November 9, 2012
I guess it’s about time I announced some new work on my website, including illustrations for Richard Due‘s masterful YA fantasy, The Dragondain and for Abuelita’s House, available on the FarFaria app by Intuary, Inc.
More details about these projects to come!
April 12, 2012
Ink, watercolor, digital (c) Carolyn Arcabascio, 2012
This illustration of Alan Rabinowitz has been floating around in my head for the past couple of months, and with this week’s Illustration Friday theme of “vocal,” I figured what better time to actually put pen to paper for this one.
Rabinowitz, one of the world’s leading wildlife conservationists, was born with a debilitating stutter that dictated every aspect of his life through his childhood to his early adulthood.

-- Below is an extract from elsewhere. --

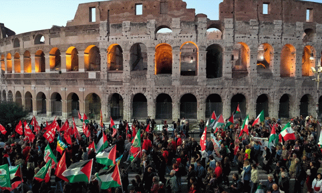 اٹلی کے دارالحکومت روم میں غزہ پر اسرائیلی جارحیت اور امدادی بحری بیڑے کی روکے جانے کے خلاف ایک بڑا مظاہرہ کیا گیا، جس میں منتظمین کے مطابق 10 لاکھ سے زائد افراد شریک ہوئے جبکہ پولیس نے شرکا کی تعداد تقریباً ڈھائی لاکھ بتائی۔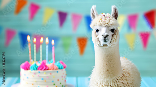 White Alpaca at Birthday Party with Cake, Balloons, Garland, Candles, and Fun Decorations. Lama with Colorful Birthday Theme.

The New York City school system placed him in special classes through the sixth grade, deeming him handicapped; he didn’t fluently speak a complete sentence to other people until he was nineteen (that’s right, not for nineteen years!). But like other severe stutterers, for psychological reasons, he was able to speak to animals all the while.
The Bronx Zoo in New York was a refuge for Rabinowitz growing up. In interviews he tells a story about one particular visit, watching a jaguar pace in the Big Cat House at the zoo, and empathizing with its silent frustration. He whispered a promise to the jaguar: “I’ll find a place for us.”
Through therapy, Rabinowitz was eventually able to find his voice, and as promised, became that voice for animals — and especially for big cats. I won’t attempt to summarize the profound and wide-spread impact Dr. Rabinowitz’s work has had on big cat populations throughout the world, but to any and all reading this, I highly encourage you read (and listen) on elsewhere!:
Interview: On Being With Krista Tippet
April 6, 2012
Here’s the finished product of an ink and watercolor map of Treling, a tree nursery and home to Lily and Jasper Winter, and Ebb Autumn, stars of Richard Due’s The Moon Coin. Stylistically, this was a departure from the work I’ve done in recent years, but I had such a blast with it that I’m considering busting out the ol’ microns more often.
March 19, 2012
Richard Due’s The Moon Coin is a story (…tale? Read the book, there’s a difference), of Lily and Jasper Winter whose eccentric Unlce Ebb has gone missing. Ebb is the kind of uncle whose presence colors life’s ordinary days with magic, and whose bedtime
stories tales of the far-off Moon Realm have for years sent the siblings off into dream-filled nights of nine orbiting Moons and their beautiful and strange inhabitants. Even Uncle Ebb’s house seems infused with the wonder of the Moon Realm, which, any child knows, is not a real place. Not really.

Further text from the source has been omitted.